Et quand on dit « accros », ce n’est pas qu’une expression : il s’agit d’enfants qui souffrent de véritables retards de développement et de troubles liés à leur surexposition aux écrans (moteur, langage, socialisation, troubles du sommeil, difficultés à gérer les émotions, troubles alimentaires…).

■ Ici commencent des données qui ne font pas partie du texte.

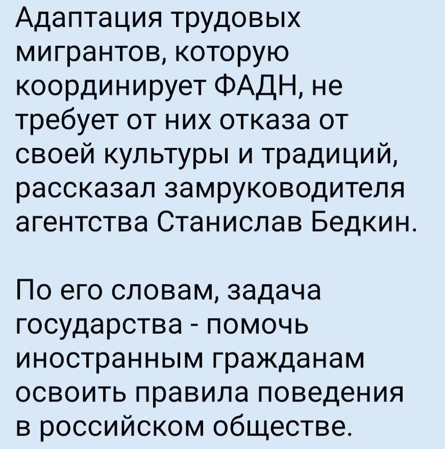 Вся адаптация должна сводиться к максимально жёсткому ограничению маршрутов мигрантов на территории России.
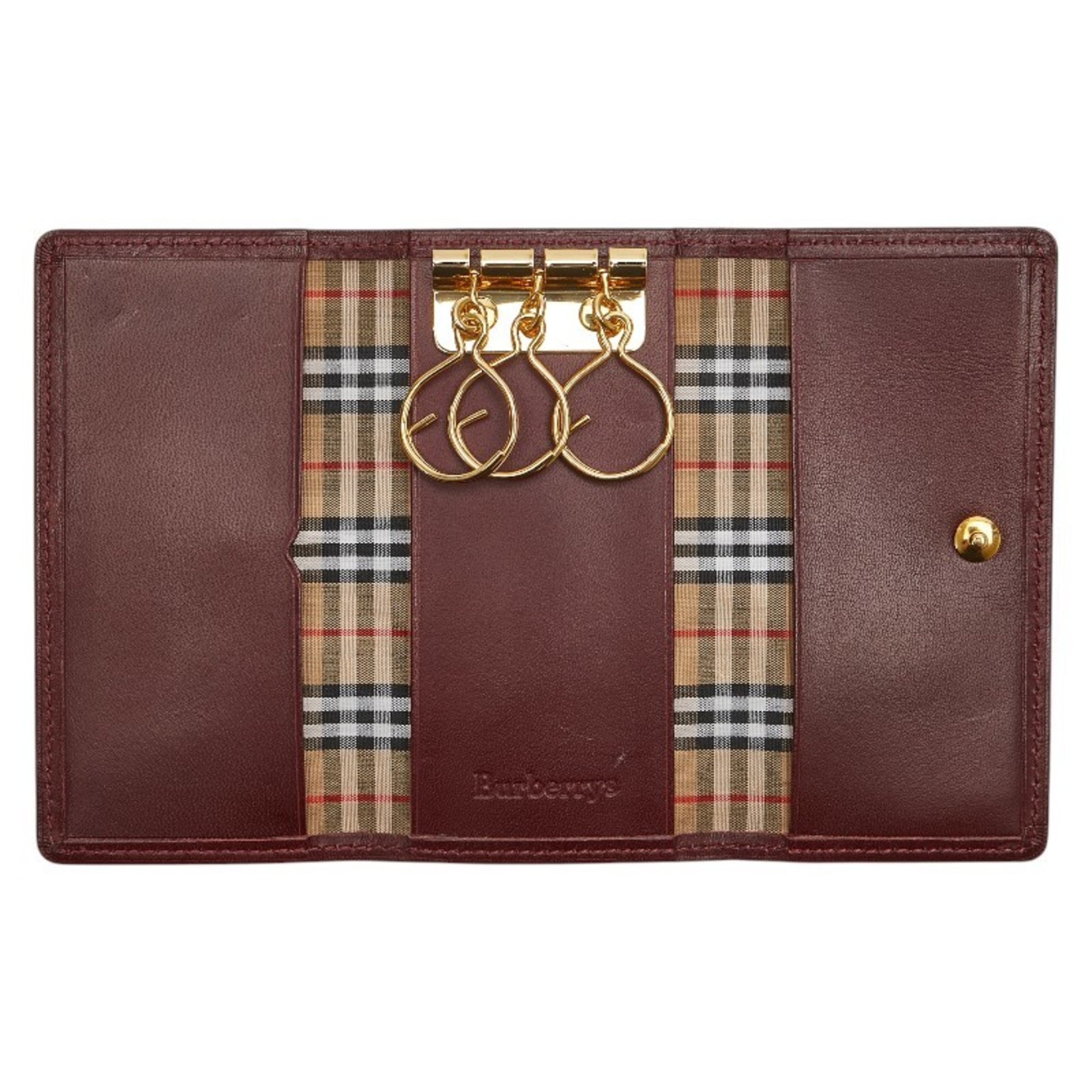 Burberry Nova Check 3-Ring Key Case In Wine Red

Côté langage, s’ils ne communiquent pas, ces enfants sont toutefois capables de parler : « Aucune mission n’est trop dure, car mes amis, ils assurent », « Prête pour un petit tour dans les airs ! ».
Vous aurez certainement reconnu dans ces expressions des phrases des membres de la Pat’ Patrouille…
Un exemple pour illustrer le « Youtublish » : ce que les médecins appellent plus précisément du « langage plaqué », c’est-à-dire des mots, des phrases, que les enfants répètent parce qu’ils les entendent à longueur de journée sur YouTube ou sur d’autres chaînes.
Pour combler les retards, pas de demi-mesure : il faut un sevrage complet et le plus tôt possible. « Si le sevrage commence avant ses deux ans, l’enfant va vite rattraper son retard. Après deux ou trois ans, il y a des progrès mais certains troubles demeurent. »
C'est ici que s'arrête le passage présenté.